* ABOUT THIS EXERCISE
The answer consists solely of the lines running from the one with "ヘンプコットン麻柄手刷りプリントのステテコパンツ" through the final line below, transcribed exactly and without any pictures.

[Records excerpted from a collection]
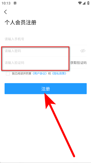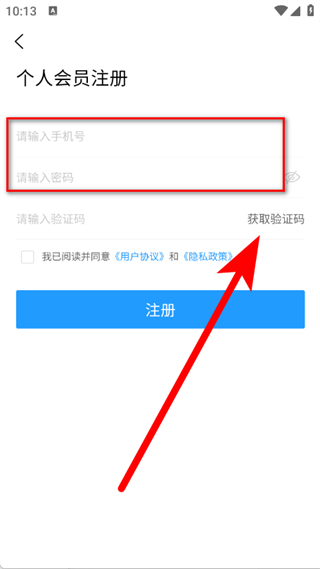 4、在個(gè)人會(huì)員注冊(cè)頁面,輸入手機(jī)號(hào),點(diǎn)擊獲取驗(yàn)證碼。
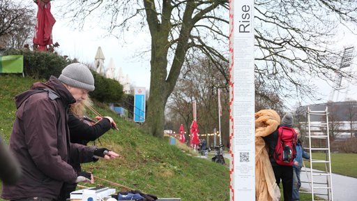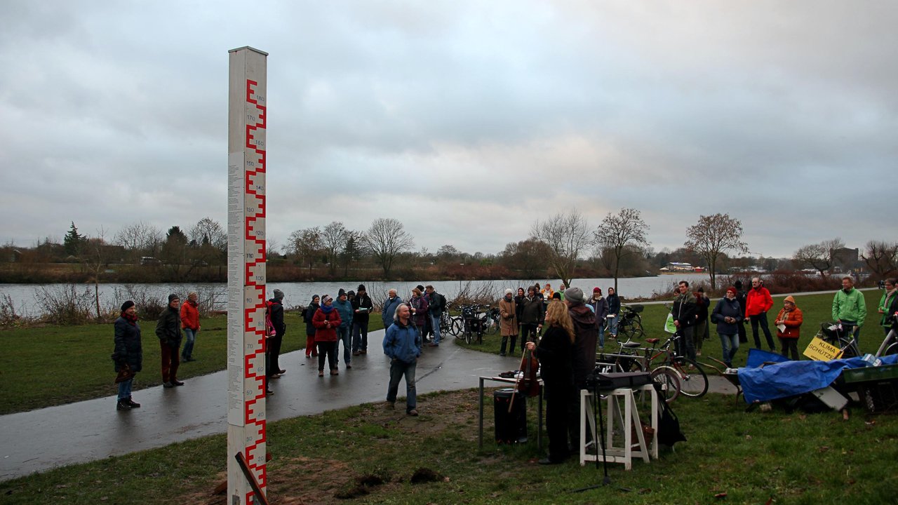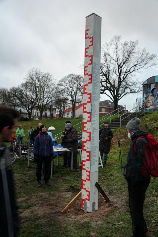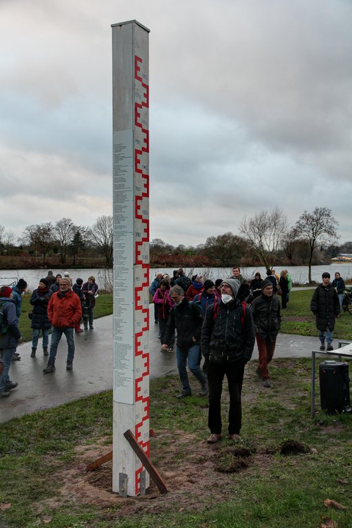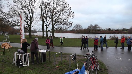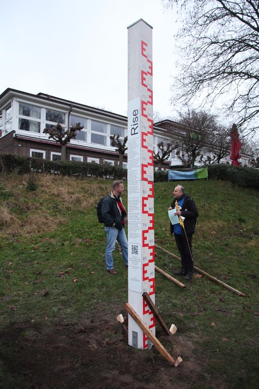 Um dem ein eindrückliches Bildobjekt zu verleihen, werden wir „climart“, unterhalb des Bürgerhauses Weserterrassen einen überdimensionalen Pegelstandanzeiger in den Boden einlassen. Er soll den prognostizierten Wasseranstieg durch die Eisschmelze symbolisieren und auf dessen Aktualität hinweisen.
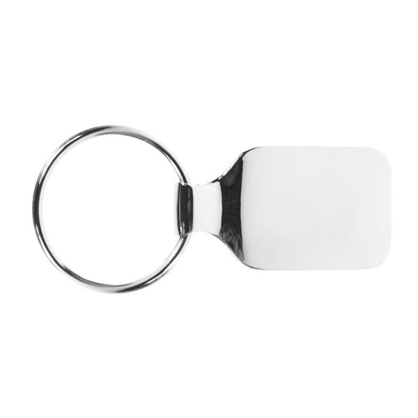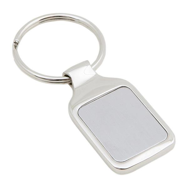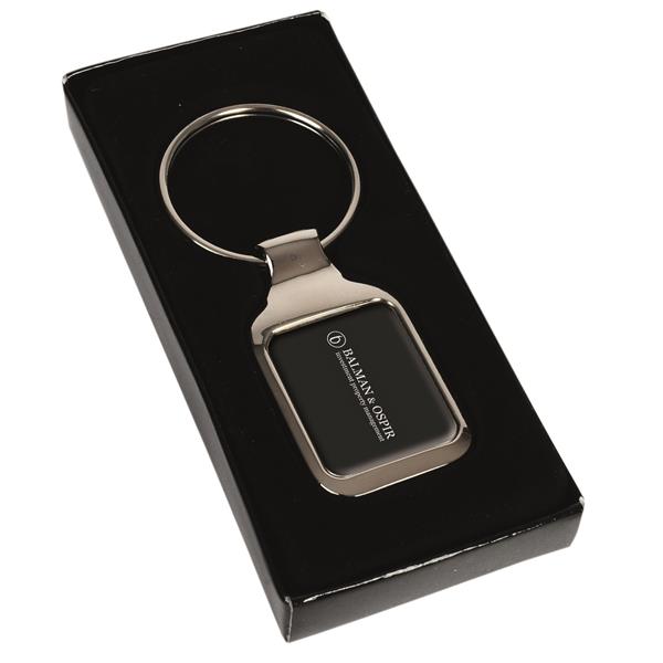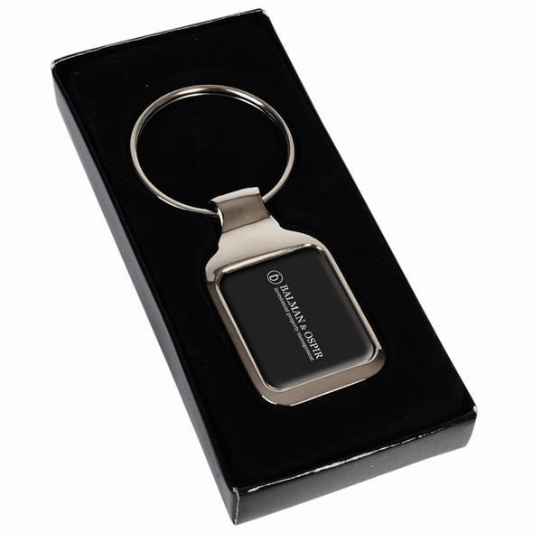 Prostokątny brelok do kluczy z dedykowanym miejscem pod znakowanie, czarne pudełko podarunkowe w komplecie, produkt wykonany z metalu
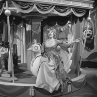 Portret van Henk van Ulsen als Ranonkel, Jules Croiset als Augustijn, Hans Otjes als Jut, Martin Brozius als Aernout Koffij, Ab Hofstee als Hildebrandt Brom, Rob de Nijs als Bertram Bierenbroodspot, Wieteke van Dort als Jul en Marlies van Alcmaer als hertogin Mélisande |
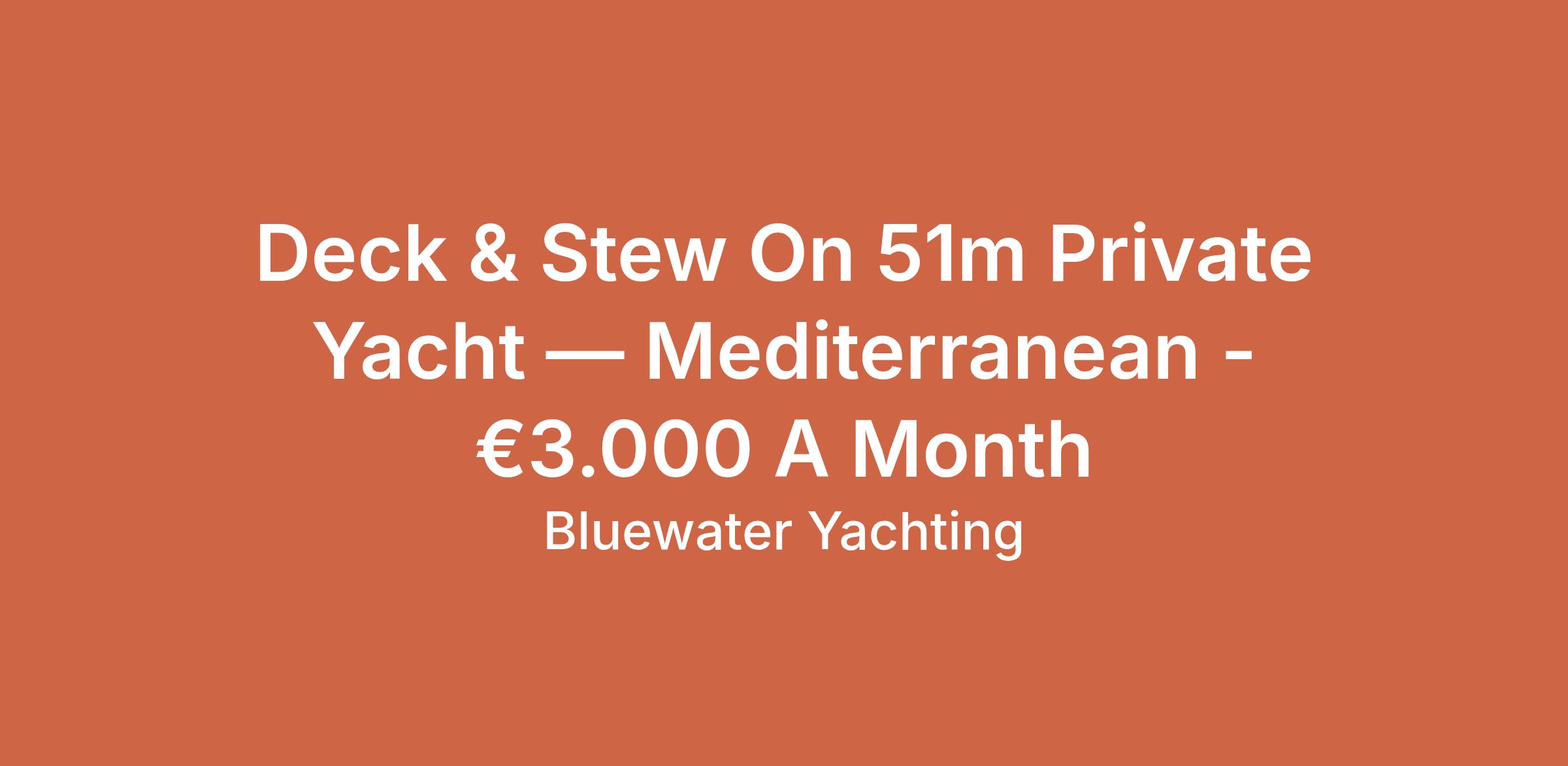 Deck & Stew On 51m Private Yacht — Mediterranean - €3.000 A Month
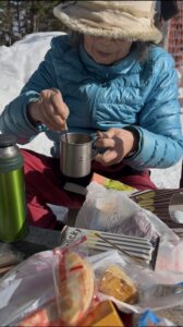 下山途中、北横岳ヒュッテ前のベンチでお昼休憩にしました。母がテルモスからコーヒーを注いでくれました。砂糖を持参していたのですが、マドラーを忘れていた……かと思ったら、母がポッキーを取り出してコーヒーをくるくるかき混ぜ始めました。「さすが登山歴56年のベテランの知恵だな」と笑いながら感心しました。山での知恵とユーモアはセットです。
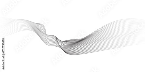Abstract vector wavy lines flowing smooth curve black grey gradient color on transparent background in concept of technology, science, music, modern.
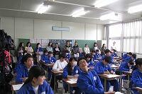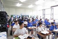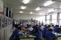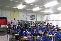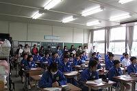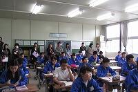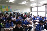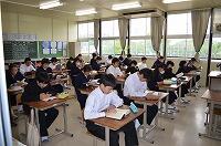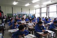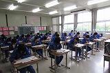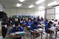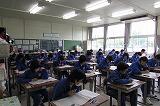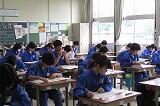麻生先生の実物投影機を使った双方向的な社会の授業、湯田先生の生徒に黒板に答えを書かせる活動的な授業など、各先生方の工夫と生徒の熱心な姿勢がうかがえます。気温もちょうどよくとてもいい環境です。
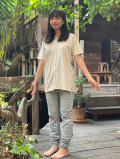 ヘンプコットン麻柄手刷りプリントのステテコパンツ
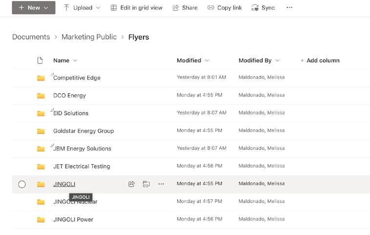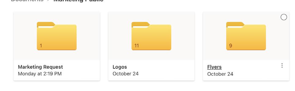 At the top section of the SharePoint, there are three sections: “Marketing Request” for custom requests. (Covered within the next pages of booklet) If you need a logo, you can click the folder in the middle. If you need a specific company flyer, it is the link on the right. All other folders below are other resources you can access.
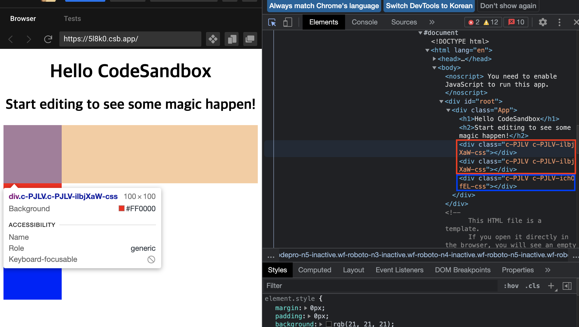 c+cmd+shift를 눌러 inspect 모드로 전환하여 두 빨간 박스를 확인하면 class의 해쉬값이 동일하다.

* OUTPUT OF THE TASK
 ヘンプコットン麻柄手刷りプリントのステテコパンツ
 At the top section of the SharePoint, there are three sections: “Marketing Request” for custom requests. (Covered within the next pages of booklet) If you need a logo, you can click the folder in the middle. If you need a specific company flyer, it is the link on the right. All other folders below are other resources you can access.
 c+cmd+shift를 눌러 inspect 모드로 전환하여 두 빨간 박스를 확인하면 class의 해쉬값이 동일하다.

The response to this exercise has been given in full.